Wednesday, July 20, 2016

I was reminded

Something interesting happened to me today.

But, first, what led up to this.  I was asked about 6 weeks ago to give a presentation about Native American culture at a Boy Scout Troop meeting.  I conferred with the young man a couple of times about what he wanted from the demonstration.  I wanted to make sure how long the presentation needed to be, what it needed to cover, and who my audience was going to be.  I even spoke with the Scoutmaster regarding the presentation to make sure he and the boy were on the same page, and that I fully understood what they wanted from me.

Last night I made the presentation.  It wasn’t my smoothest of presentations.  First my introductory video didn’t work immediately.  Technical difficulties.  We didn’t really have much time to test the facilities with my equipment beforehand.  But, after about ten minutes the video finally worked.  But, by that time, I had already switched over to ‘old school’ mode. 

I’d begun with an introduction of myself, who I was to the audience, and why I’d been asked to visit.  I’d talked about where they might have seen me before, and some of them actually already knew me.  Volunteers are always helpful.  Once that was done I moved into the different styles of dance, and that is when the video began working again.  So, we watched about 2 minutes of a 22-minute video of Fancy Dancers tearing it up during an ‘iron-man’ or ‘last man standing’ competition. 

After that, I explained where modern powwows come from, including information on Buffalo Bill Cody and other Wild West shows of that era.  It turns out, none of the youth in the room, from 11-18 had even heard of Bill Cody!  So, I had to give them some explanation of who he was so they could understand the ramifications of what he had done.  I talked about George Custer and the Battle of the Little Bighorn (“Greasy Grass”).  I talked about how quickly the reservation period enveloped the Lakota after that point.  And I talked about how the dance styles developed from that point on.

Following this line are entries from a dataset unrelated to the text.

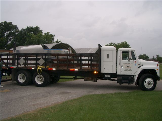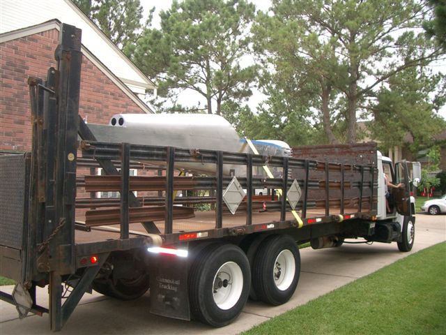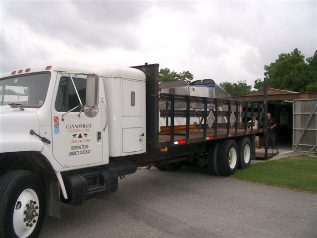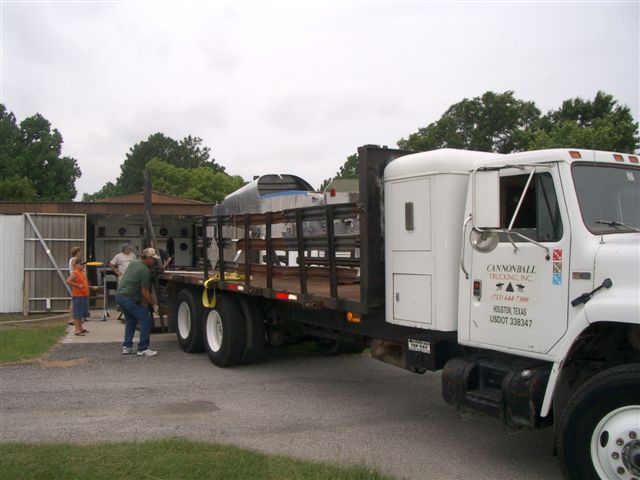 Thanks to Rick and Cannonball Trucking the bird is in the nest. Rick and Kim picked up the truck at Cannonball this morning and Jon Baker and my dad helped me get things ready to move. I couldn't do much since I hurt my back yesterday. About all I could do is push the buttons on the lift. This kind of truck would be a problem if the engine and gear were already on but we were able to get the front of the rotating stand on the lift. As I raised the lift up to the truck level Rick walked the front onto the truck and Kim, Jon and Dad walked the rear stand to the back of the lift. Once on the truck they used a ladder to climb onto the back of the lift and then walked it into the middle of the truck.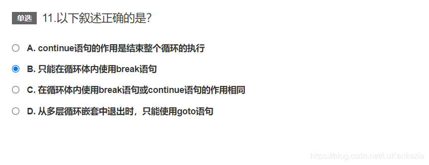 第十一题,break语句用于跳出循环,如果不在循环体内使用的话会报错。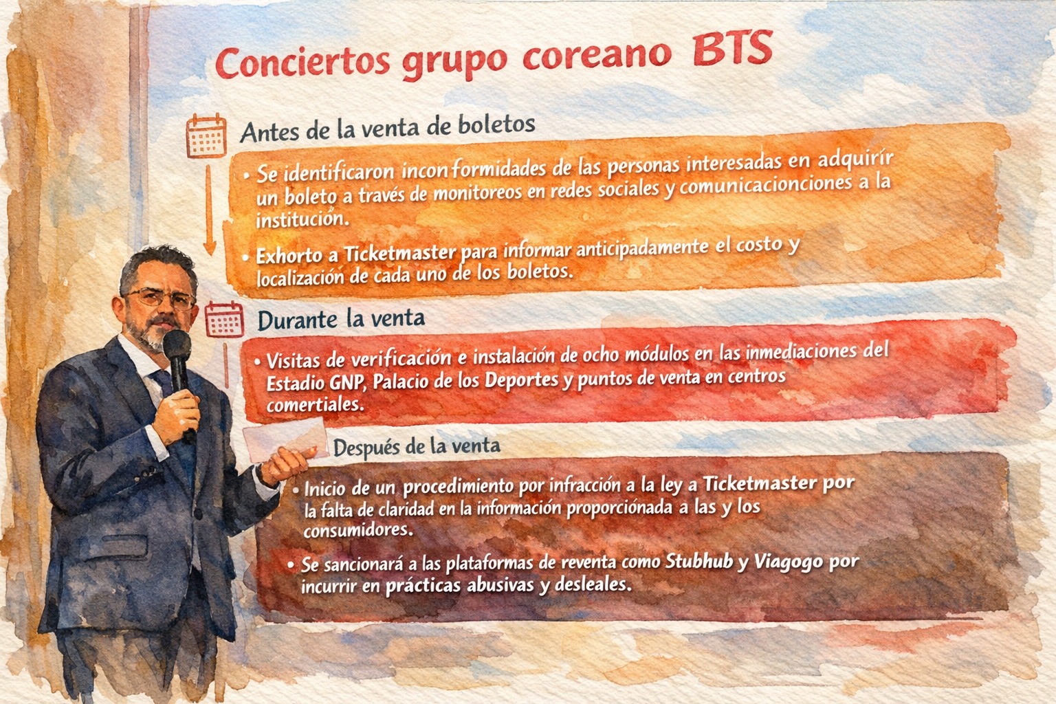Todo arrancó con el anuncio de solo tres fechas de BTS en el Estadio GNP Seguros de la Ciudad de México, programadas para mayo de 2026, frente a una demanda calculada en alrededor de un millón de personas interesadas en conseguir un lugar. La brecha entre esa marea de fans y las cerca de 150 mil localidades disponibles se volvió un muro difícil de esquivar: filas virtuales saturadas, reventa encendida y una sensación de exclusión que corrió rápido en TikTok, X e Instagram. En cuestión de horas, lo que parecía un asunto de boletaje terminó encima de la agenda pública y llegó a la conferencia matutina. Aquí, la Procuraduría Federal del Consumidor apareció como posible dique frente a abusos en venta y reventa de entradas, empujada por denuncias de usuarios que reportaron fallas en el sistema y precios inflados.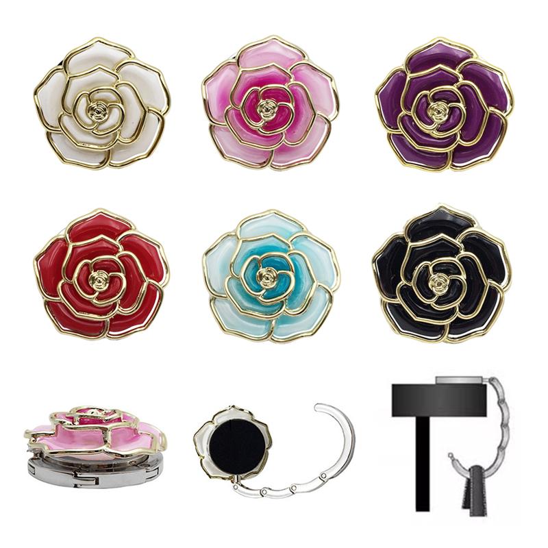Portable Folding Table Bag Hook Flower Shaped Hanger Holder Round Vintage Rose Hook Decoration Women's Bag Holder Girls Gift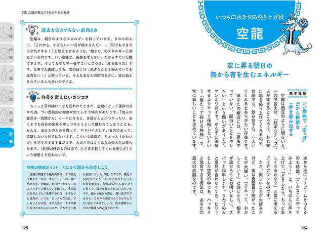 1章では、そもそもの占いの考え方や、六龍法の成り立ちについて面白く解説し、3章では、龍が目覚める準備としての簡単にできる毎日の開運習慣を紹介。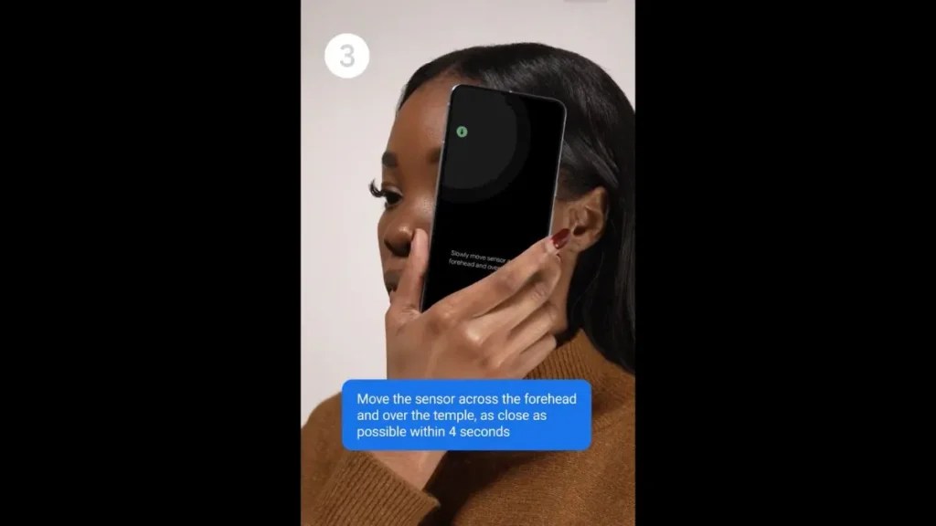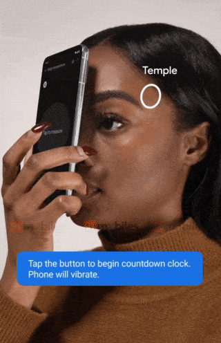 Find the white sensor first, then check to see whether there are any accessories on your skin or forehead. The sensor on the Pixel 8 Pro must then be placed as close to your forehead as possible without touching your skin. During five seconds, you may hit the start button and move the phone near your temple. The phone will vibrate when your temperature is taken, and you may see it.

That is about when I lost my train of thought.  I had parts of three different dance styles laid out, and I talked about where you could obtain pieces and tried to explain the differences they might see among the styles.  But, between the video and having to give a much more in-depth history than I’d planned, I’d lost my original intent.  I kept looking back to the boy who kept giving the sign to keep going, so I kept talking, rambling a bit about the outfit pieces, leather leggings versus blanket leggings, deer-toe armbands versus silverwork, etc. 

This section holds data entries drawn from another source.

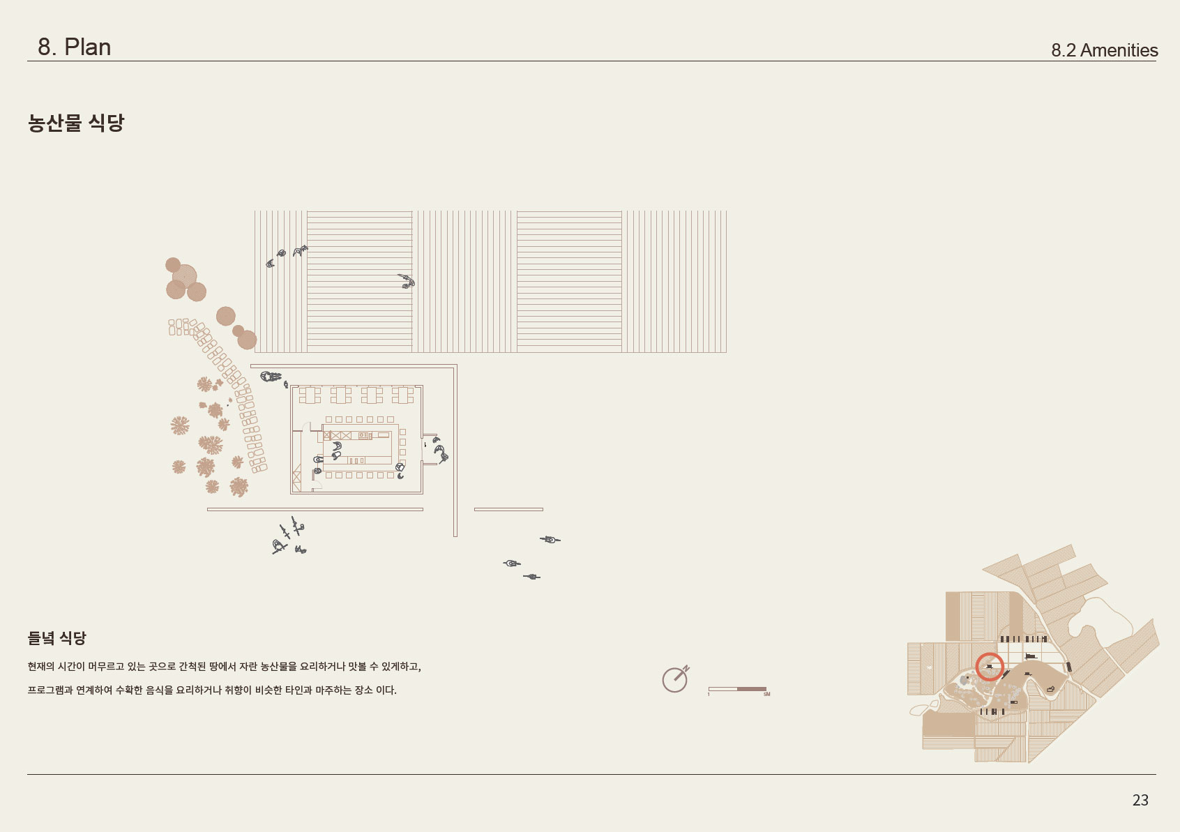 • 식당: 하루의 여정을 마치고 돌아와 지인들 또는 여행지에서 만난 사람들에게 각자의 취향을 담은 경험을 공유하는 장이 된다. 운영시간 이외에는 자유롭게 이용하며 내가 아닌 타인을 위한 요리를 하거나 주문된 도시락을 가지고 개인 공간에서 즐길 수 있다.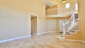 This striking beautiful home boasts a grand entrance with vaulted ceilings and spiral stair case.. Living room and dining room are divided by an elegant dual sided fireplace.. Spacious upgraded kitchen features granite counters, backsplash, brand new stainless steel appliances, breakfast bar, ample cabinetry, and plenty of counter space. Kitchen opens to family room, creating a warm open floor plan. Downstairs bed room and full bath. Upstairs, you will find 4 bedrooms and 2 bathrooms including a large master bedroom with walk in closet and spacious bath tub... Huge backyard perfect to design your very own Oasis... Conveniently located on a cul de sac in a beautiful community, close to 215 freeway and lots of new developments including shopping, restaurants, new theater, bowling, schools and neighborhood parks! NEW FLOORING THROUGH OUT, NEW PAINT, NEW APPLIANCES, NO HOA, NO HIGH TAXES!!!! Hurry!! This home will not last!!!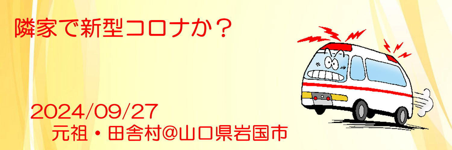 【隣家で新型コロナか?】今朝7時前に救急車が隣家へ。救急隊員の話から「新型コロナ」らしいとのこと。隣家の年寄りは「新型コロナのワクチン接種」はしないことを自慢していた。当市では「新型コロナ」が増加中! ワクチン、マスク、手洗い・・・自己防衛対策を!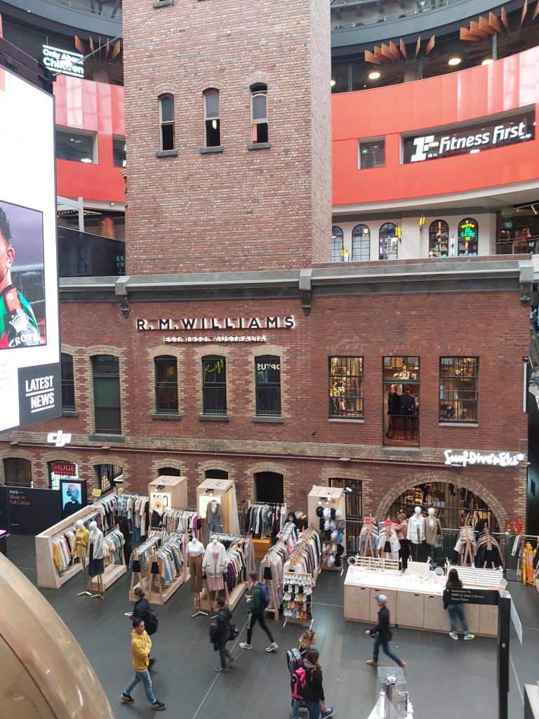 This is a historic building that used to be a lead pipe and shot factory that now sits inside one of Melbourne’s shopping centers that is built above Central Station. Clearly there was some kind of preservation order on the building so the new construction was built around the old to preserve it and transition to commercial use. I’m sure there were contamination issues to overcome but an interesting way of preserving the building for the future.

And then I tried to make a final point about learning other peoples’ cultures, being open to new ideas and ways of experiencing events.  I mentioned that just learning a little about someone else’s point of view will open up more opportunities for them in the future when they meet new people whether in college, military, or the workforce.  About that point I’d been talking for 45 minutes.  So, I handed it back over to the boy, who had everyone applaud my presentation.  Then he handed it over to the Scoutmaster who did the same thing.  And I began packing my stuff up.

The best part was when I had two boys begin asking me questions like, “how expensive is this?”, “is it easy to do?”, and the best question ever: “How can I get started doing this?”.  I had the fortune of being at a troop where several other members are dancers, so I was able to refer a lot of the questions to some of the more experienced dancers in the room, and thus help stir a dialog between the boys in the troop who know, and the boys in the troop who want to know.

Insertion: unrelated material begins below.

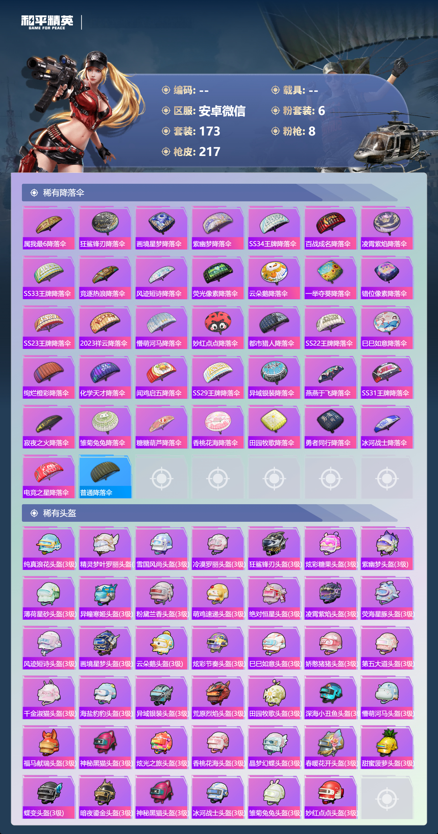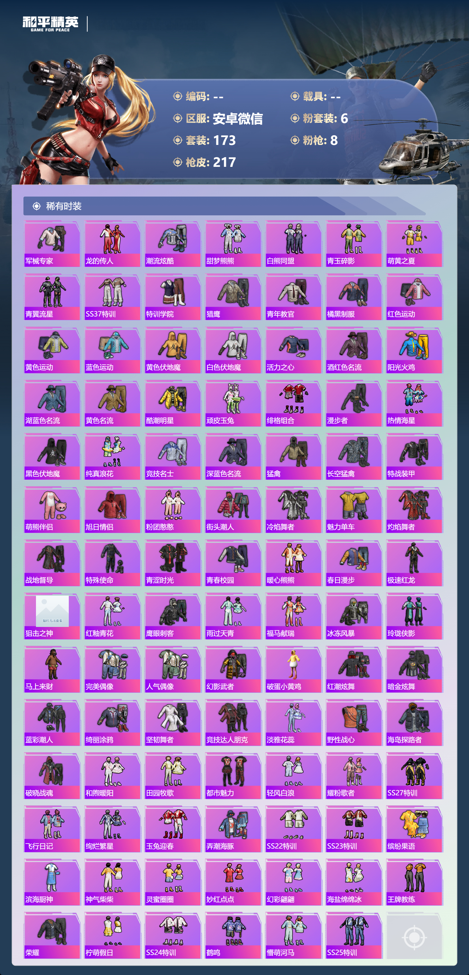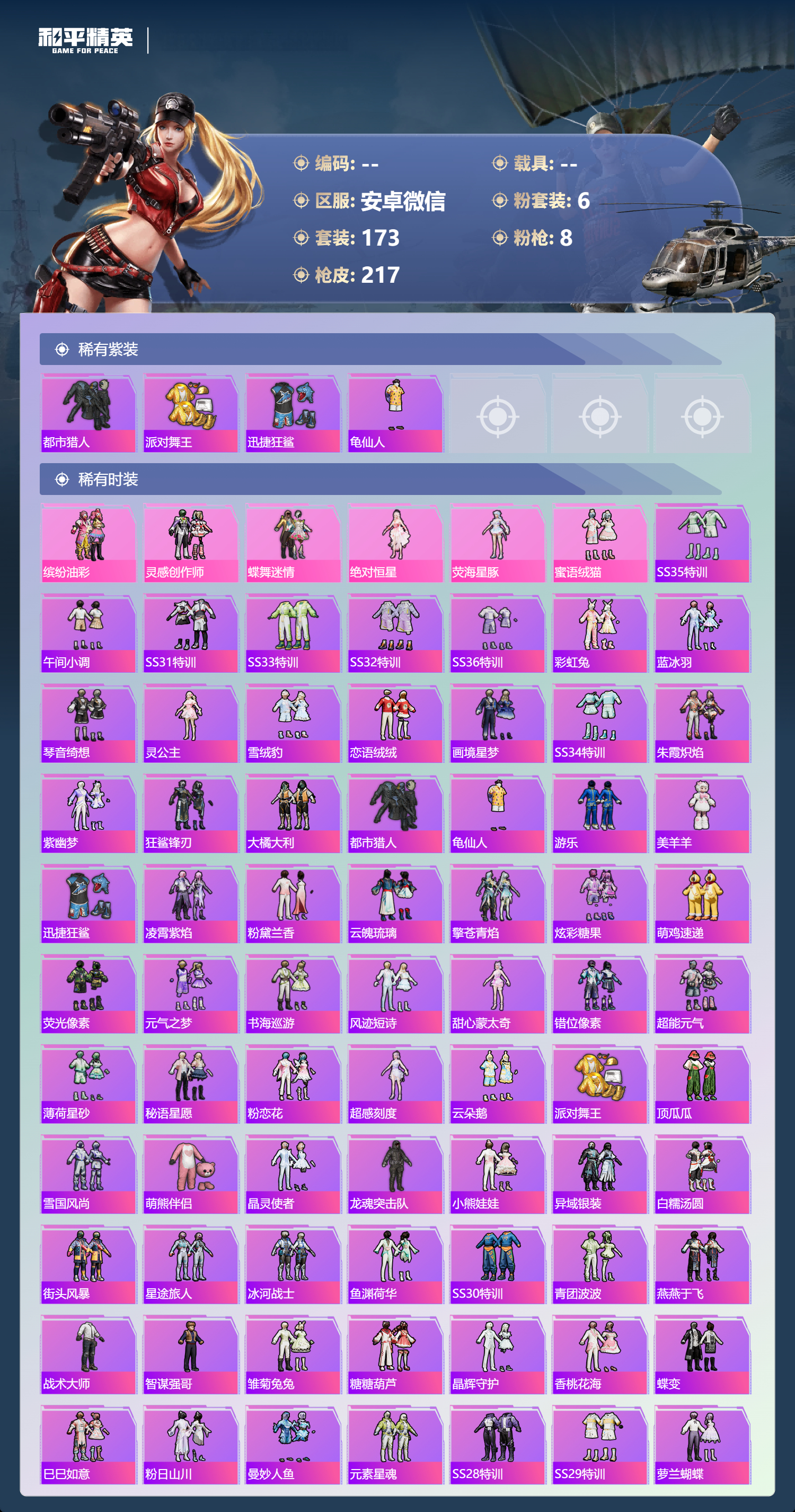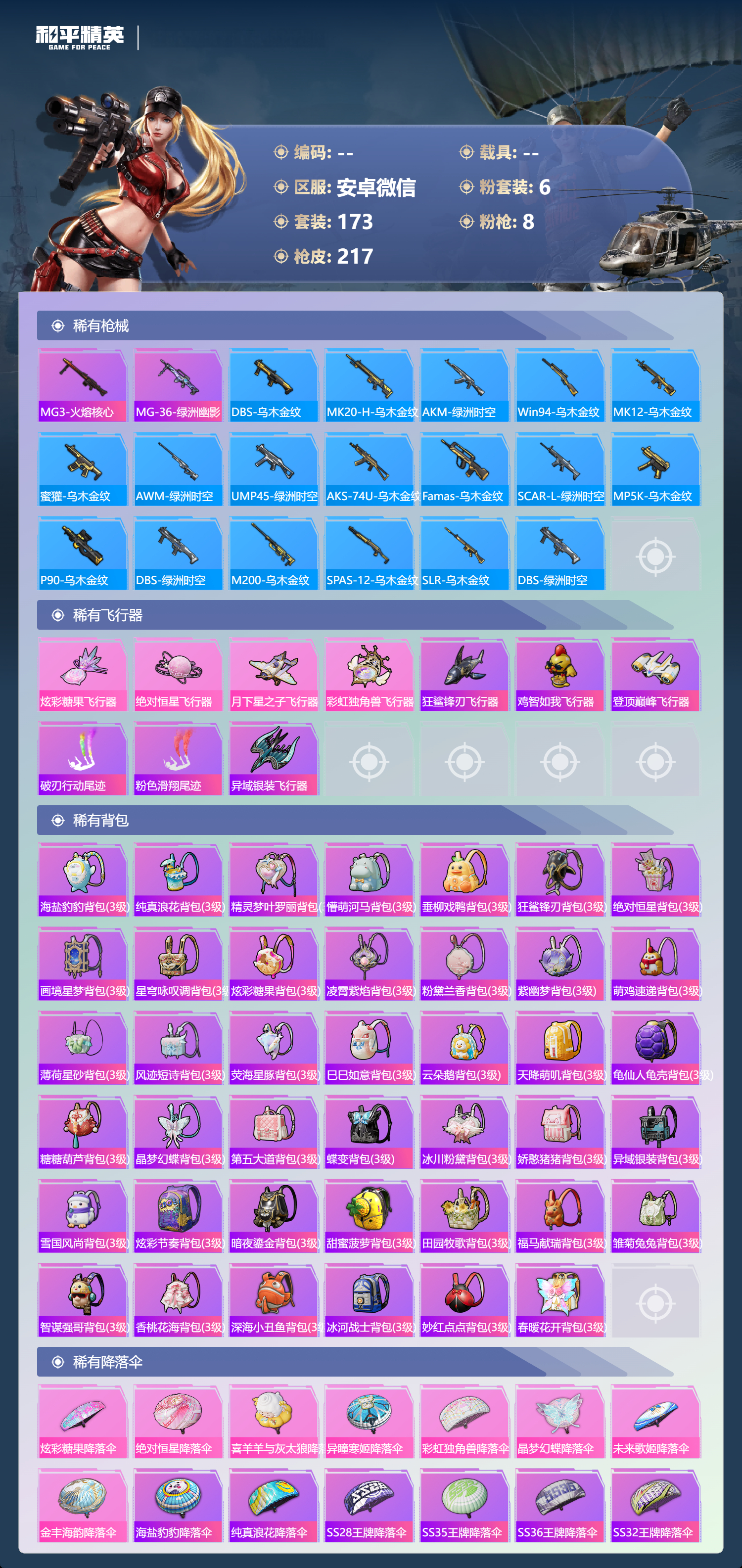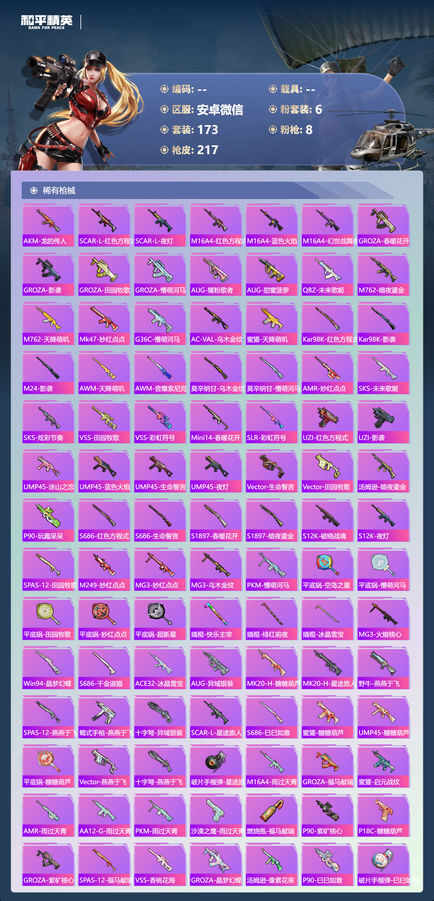 hs64590 安卓微信-12王牌印记-6粉装-8特效枪-62736热力值-173套装-217枪皮-4卓越印记-1传奇印记

But, the best part happened today.  I was at my desk, when my phone rang.  The person calling is my boss, so I thought he’d be handing me another assignment or task for the day.  But, he thanked me.  He thanked me for coming out the night before and giving such a thorough presentation.  You see, my boss also happens to be the scoutmaster at that troop.  But, the fact was he went out of his way to thank me again for being there for his troop and helping educate them on current affairs and historical relevance of the Native communities I am familiar with.  Keep in mind, he didn’t have to thank me – he’d already done that the previous evening.  But, to take the extra step of calling me and thanking me, made me feel very appreciated.  It is one piece of the puzzle that a lot of people miss – including me! – when working with others.  A simple show of appreciation makes a huge difference.  Whether it is just a ‘thank you’ in passing or a larger presentation about the appreciation, or something in between, simply reaching out personally, extending the hand, and saying ‘thank you for what you did’ can make someone’s day, or week, or month maybe. 


Some people don’t feel appreciated, but they work hard every day.  Some people don’t realize how appreciated they are for what they do.  Civil servants like the Police, Firefighters, EMTs, Medical staff; and others like Civic leaders, Ministers, and even Scoutmasters often do not get thanked for what they do.  More often we tend to take them for granted and assume they will be there when we need them.  And sometimes we abuse them when we perceive a mistake.  We are all human, and sometimes we just need to be told that what we do is appreciated.  

I hadn’t realized how appreciated I am for what I do for the boys.  I was reminded of that today, and it makes me feel good.